Great Pics. Never seen a hog trap quite like that, but it seems to have worked.


----------



## Hotrod (Oct 11, 2006)

henryg said:


> Great Pics. Never seen a hog trap quite like that, but it seems to have worked.


Lol thanks. We didnt buy anything. Everything there was scrap. Notice the foot pedal under the branches


----------



## 9121SS (Jun 28, 2009)

What was left of our storage shed after that little storm we had.
My nephew helping me get started on a small hog trap.


----------



## 535 (May 23, 2004)

old pic... my boy's first big catch


----------



## Harbormaster (May 26, 2000)

Brave kitty :smile:

Yote checking out the decoys last Sunday

Old landmark

Defragging the girls computer :biggrin:

Fresh turnips and mustard greens


----------



## 6.5 shooter dude (Jan 8, 2008)

Toweliban dog


----------



## GOT EM' (Oct 15, 2008)

me and my wife got married last friday 

our twins on the way


----------



## boom! (Jul 10, 2004)

Hood rat


----------



## Poon Chaser (Aug 22, 2006)

*Good times at a freinds ranch*

1. Desi's first deer.
2. Turkey time
3. Sherrif Desi
4. feeder action


----------



## slabnabbin (May 25, 2010)

Little nephew growing up!


----------



## Poon Chaser (Aug 22, 2006)

Desi' 12th birthday party last week.









Sent from my MB860 using Tapatalk


----------



## bigsplash (Jun 15, 2006)

we spent Christmas, my birthday and New Years in Bali...pretty cool place...


----------



## Mrschasintail (Dec 8, 2004)

Some Christmas stuff


----------



## Team Burns (May 6, 2008)

Saw this on the way home Monday.


----------



## Soapeddler (Jun 18, 2006)

Randomness

1.) How some college students view our fair state... LOL!
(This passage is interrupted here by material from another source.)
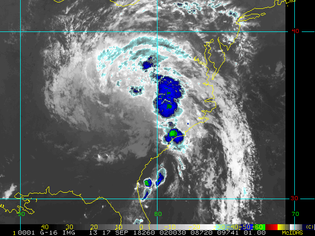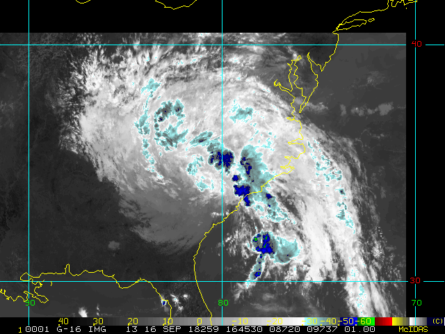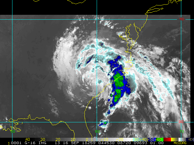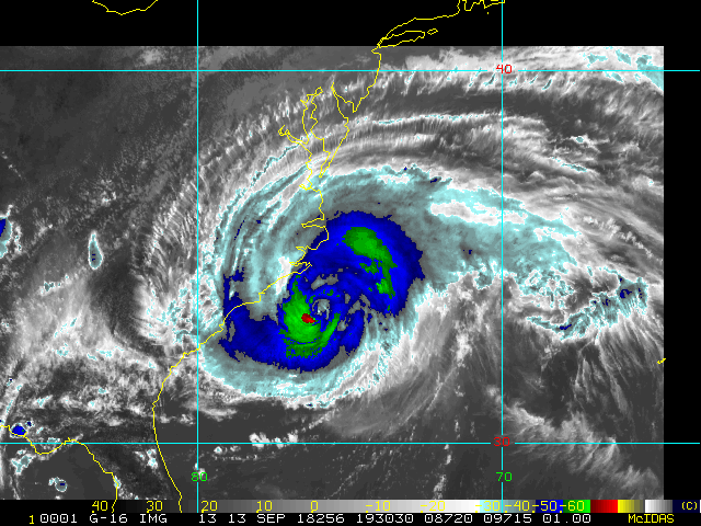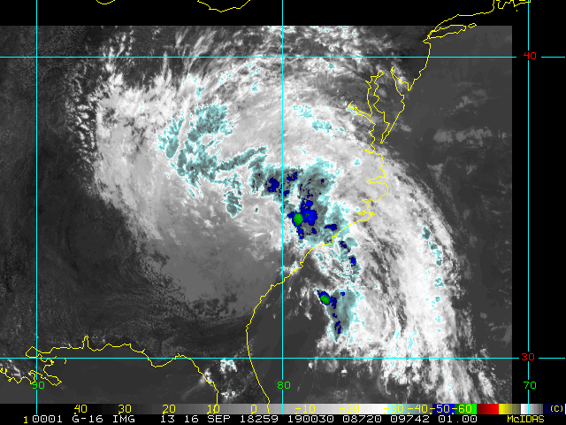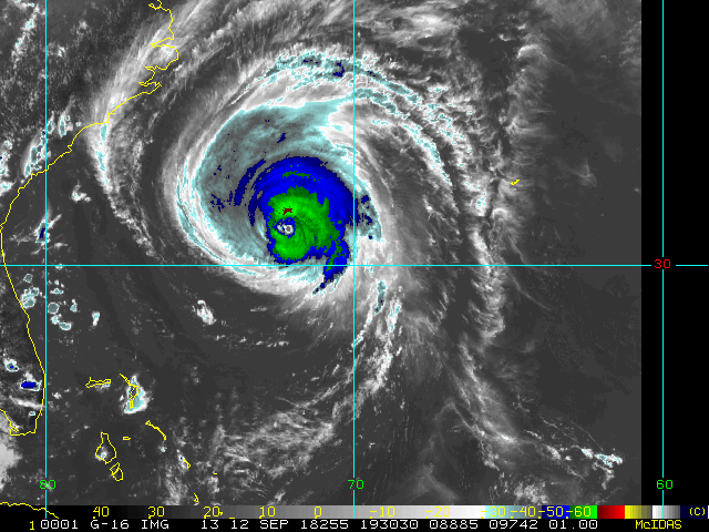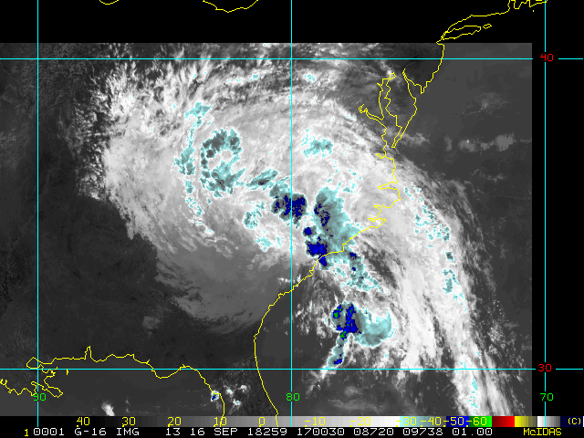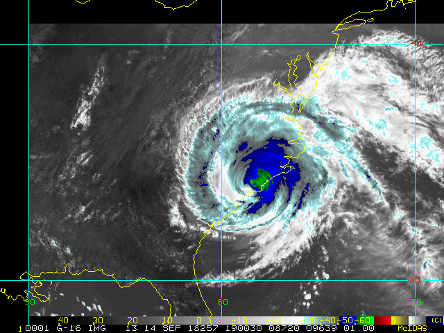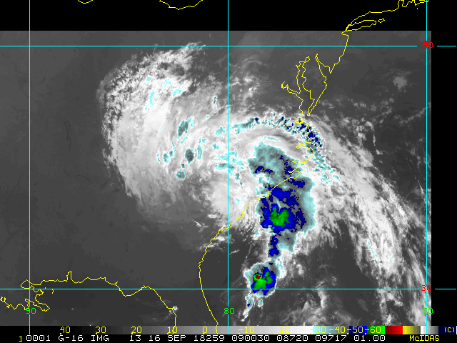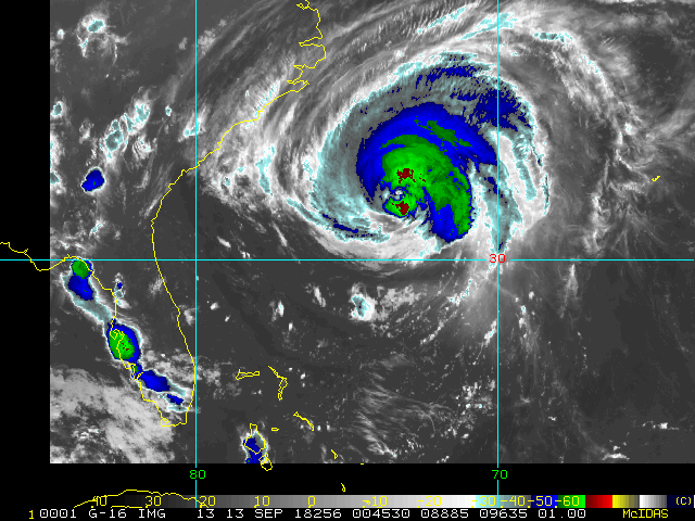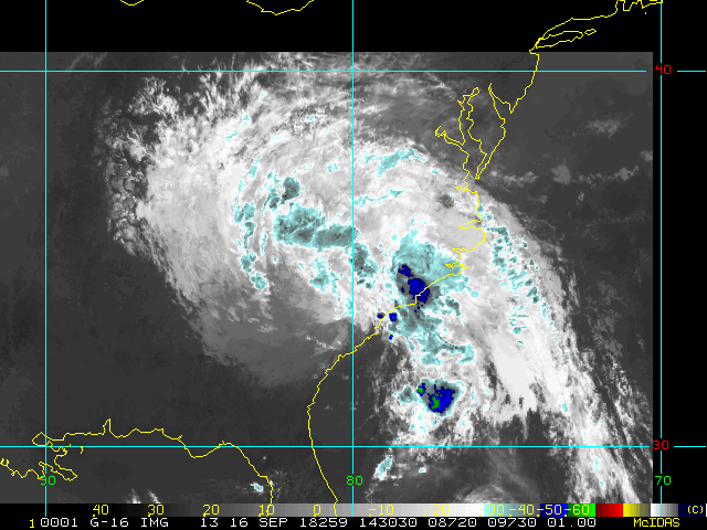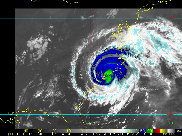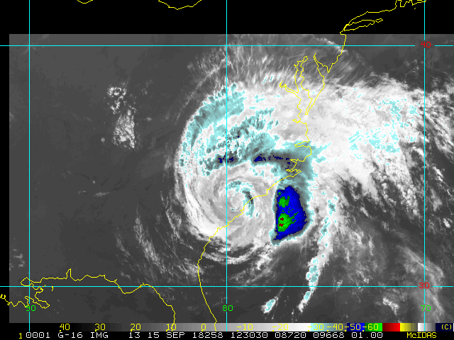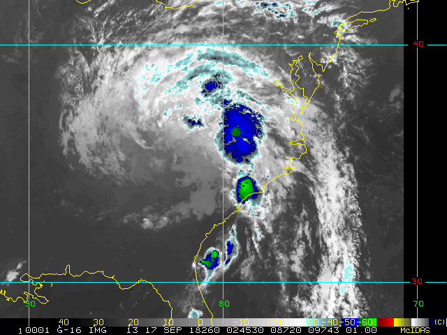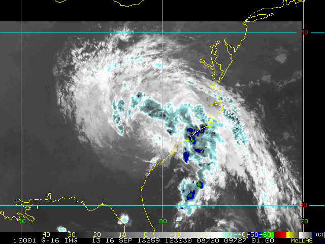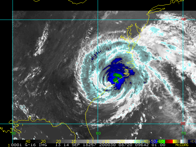 To view a loop of all images from this storm, click any of the "Loop" buttons without selecting any specific images. To select a specific range of images click an option for "Starting Image" and "Ending Image", and then click any of the "Loop" buttons.

2.) A little Christmas Love! TTUoutlaw loves his mama and sis!

3.) The Redhead

4.) What's the 2cool verdict? It has my vote!

5 & 6.) ********* copper thieves have hit me twice! Fortunately they did it before I closed on these 2 houses so the sellers have to pay to replace!:biggrin:


----------



## activescrape (Jan 8, 2006)

I have a cowboy poet friend. He is a little overweight. This is his nephew Aston, and his imitation of his favorite uncle


----------



## jamisjockey (Jul 30, 2009)

Not too many pictures from me for this last week. Yeah, that streak of beautiful days? I worked pretty much every one.

Kids building crafts at Home Deopt










USCG helo beating the pattern SVFR before the fog set in


----------



## devil1824 (Sep 4, 2010)

My daughter playing with the camera on the Mac.
Beautiful young 10 point
My cousin in Aransas Pass got back into painting
Need extra seating for the up coming Hog hunt :biggrin:


----------



## atcNick (Apr 7, 2005)

I am the great Cornholio!



















-Nick


----------



## FATfisherman (Mar 13, 2009)

Here's a couple from last Sunday.

















Mike - sent via Tapatalk.


----------



## tentcotter (Oct 23, 2009)

*Drum Hole*

Drum hole before the rig was removed


----------



## swifty (May 13, 2005)

atcNick said:


> I am the great Cornholio!...-Nick


Cornholio!!! Thanks for helping me spew coffee! :rotfl:


----------



## Bird_Dog (Apr 7, 2008)

*2011 Brazoria County Fair*

Champion English Steer


----------



## br549 (Jan 17, 2006)

GOT EM' said:


> me and my wife got married last friday
> 
> our twins on the way


They get bigger! This is my wife and our twins at 14!


----------



## PBD539 (May 4, 2010)

FATfisherman said:


> Here's a couple from last Sunday.
> 
> 
> 
> ...


That was Photo Shopped Mike! Everyone knows you can only catch Gaftop off that pier!!


----------



## Teamgafftop2 (Nov 27, 2010)

Hawk after he flew into our window. 
Took him about 10 minutes to "come to"
Koda's goofy smile
Clock tower in the Quadrangle at Fort Sam Houston


----------



## CaptDocHoliday (Feb 3, 2011)

*Duck Hunting with the Wife and Twitch*

Matagorda


----------



## FATfisherman (Mar 13, 2009)

PBD539 said:


> That was Photo Shopped Mike! Everyone knows you can only catch Gaftop off that pier!!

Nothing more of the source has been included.